We spend a lot of our time as a business working out ways to communicate our clients’ core values and messages in different representations to different audiences. In light of that, I enjoyed this article about a circus troupe of Colombian street kids who now tour the world and thrill people with their skills, and in particular a quote from their trainer, who said: “What we do is change the representation of these kids … because when somebody who before maybe sniffed glue or begged on a corner is suddenly doing a double somersault, you’re not looking any more at a poor, illiterate delinquent, but you’re saying, ‘Wow, that’s a double somersault.’?”
Here’s a very nifty postal gimmick … great for customising envelopes: the Google Map Envelope.
Simply enter a location in the box and get back an envelope ready to print with a Google map picture of the location you chose. Nice!
A huge sign on a hill shouting out Wellington’s high-standing in the movie industry seems a good idea but the slang word chosen — ‘Wellywood’ — has long been a slightly juvenile, throw-away and ironic term that has somehow crept into the mainstream.
And as a PR opportunity for the capital’s undoubted world-class skills and success in international move-making, the Miramar hill is a great site for incoming tourist flights, but Wellywood is an opportunity wasted. It may be familiar and humorous to some ‘in the know’ but I’m siding with the growing number of voices calling it tacky.
But at Facttactic we’re not in the business of criticising things without offering positive solutions so it was great to see the guys at online-design outfit Skull and Bones with their interactive Wellywood Sign Generator. Type in your own word or phrase and see what it looks like on the side of the hill!
A good read here about the marketing efforts of the Big Day Out organisers and whether their ‘controlled kaos’ is really giving the finger to mainstream society as inferred, or is just another slick commercial money-making machine in poor disguise; and in today’s marketplace, where ‘authenticity’ is the name of the game, the article is a good dissection of where the BDO’s marketing authenticity really lies.

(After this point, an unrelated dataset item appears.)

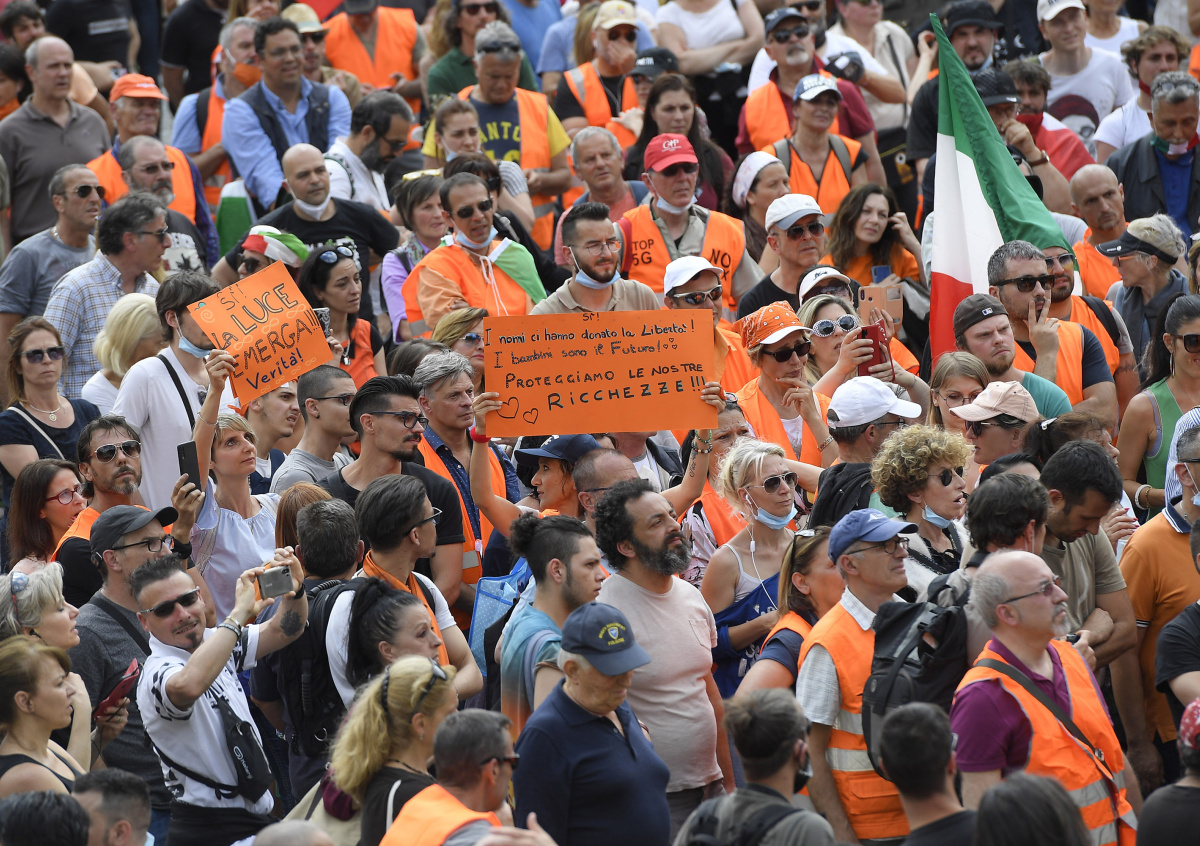 В начале июня в Риме и Милане состоялись акции протеста, собравшие по несколько сотен людей. Они были одеты в оранжевые жилеты и, вопреки указаниям властей, не носили медицинские маски и не держали дистанцию. Это объясняется тем, что среди «оранжевых жилетов» много «ковид-диссидентов». Они отрицают существование коронавируса, а ограничительные меры считают попыткой властей отнять у них гражданские права. По данным СМИ, среди собравшихся было немало и тех, кто не считает коронавирус выдумкой, но решил высказаться за отставку правительства Джузеппе Конти. Лидер движения Паппалардо призывал собравшихся не носить медицинские маски, так как он считает угрозу от COVID-19 надуманной.

Anyone remember Sweetwaters?
Back in the day, it used to pretty much be the only music festival in the country. These days, outdoor summer music festivals are cropping up everywhere: from the highly lauded low-key, lo-fi Camp A Low Hum in the hills behind Wainuiomata to the increasingly mainstream sounds coming from Gisborne’s popular Rhythm and Vines and a myriad of other events of all musical flavours. Choosing your dates and saving your dollars for your favourite events must be no small decision for festival fans.
And it’s the same in the UK where the behemoth that is Glastonbury is now rivaled by a summer calendar packed full of outdoor events. Attracting the punters in such a crowded market place means concert promoters must be as adept at marketing as they are at finding the right sounds.

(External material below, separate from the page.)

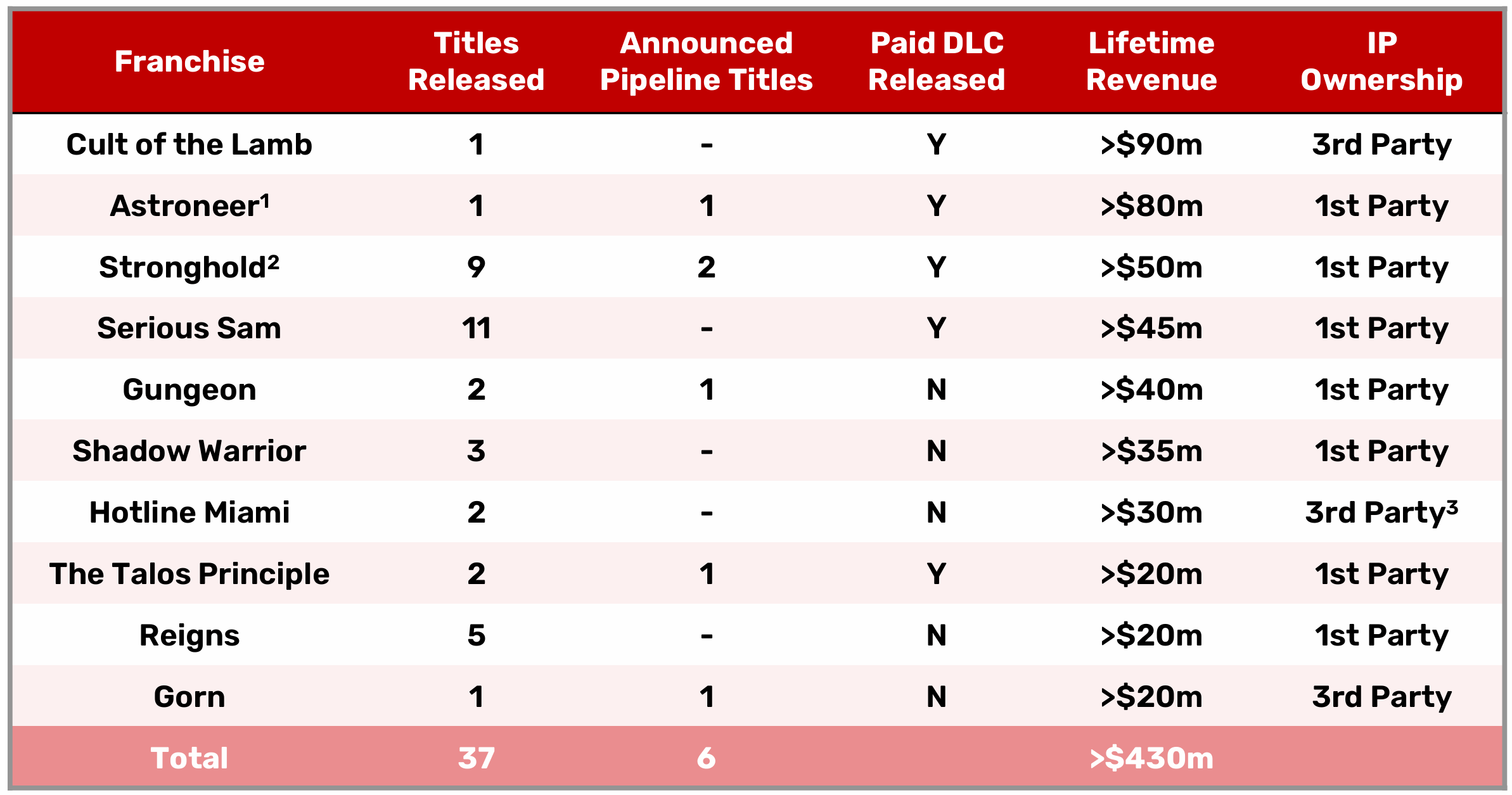 This is followed by numerous first-party IP, including Astroneer ($80 million), Stronghold ($50 million across 9 games) and Serious Sam ($45 million across 11 games).

Which is way I like the concept of this festival – Indietracks: a mix of indie bands and steam trains, and quite possibly the mostly the most eccentric festival theme ever. I wouldn’t want to go to it but as an example of a niche product and a fund raising event (for steam train restoration) finding and connecting with an audience, I like it.

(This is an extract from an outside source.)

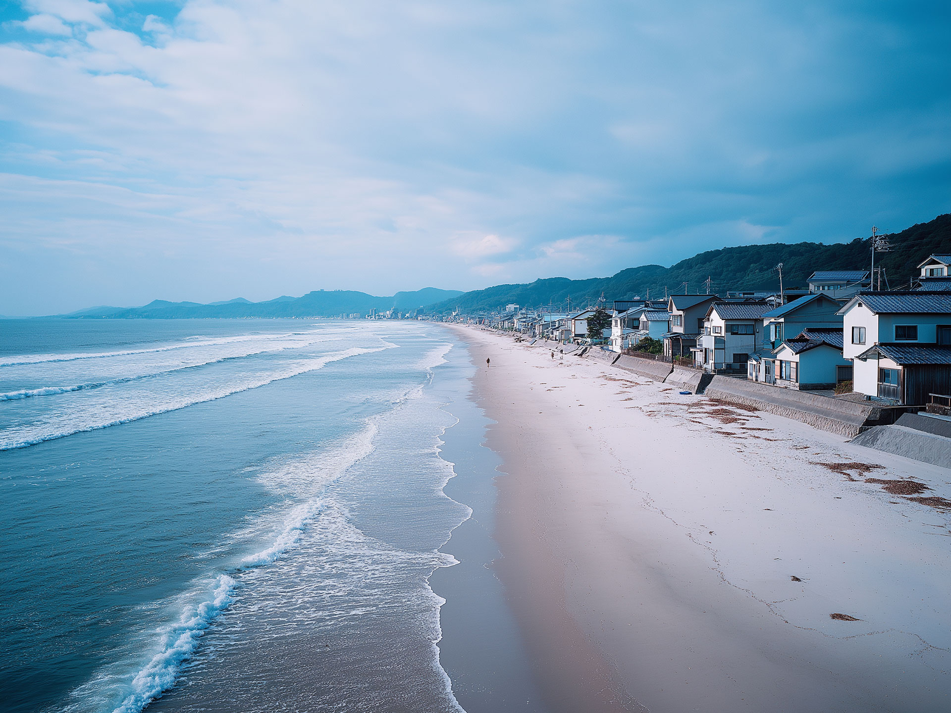 波が静かに寄せては返す。潮の香りが風に乗り、空には細い月が浮かぶ。どこか遠くの海の向こうに、まだ見ぬ世界が広がっている。

iPhone and computer company Apple has made an art out of getting huge publicity by saying nothing at all. Where others work their butt off to get their business noticed in the media, Apple has the silent, cool guy role down perfectly, getting non-stop media that other companies can only dream about.
One of the standard rules of PR is to fill an information void with your own messages before others fill it with their version of what your message might be. Apple’s skill is in embracing the void and letting PR messages find their own path.
It helps, of course, that they have absolutely world-beating products such as the iPod and iPhone; and when they do decide to advertise something their messages are as well-crafted as any-one’s; but we like them for their confidence to take on the market by saying nothing at all.
Unconventional approaches to PR can only be good in a hugely crowded market place.
The other unconventional approach to PR that we have enjoyed this year is the Unites States food-PR guy who lets the media actually choose if they want to receive information from him, rather than hammering with them with press releases and phone calls. Like Apple, he has enough confidence in his offering that he reasons people will come to him to find out more.
Could you publicise your product or service by saying … nothing at all about it?!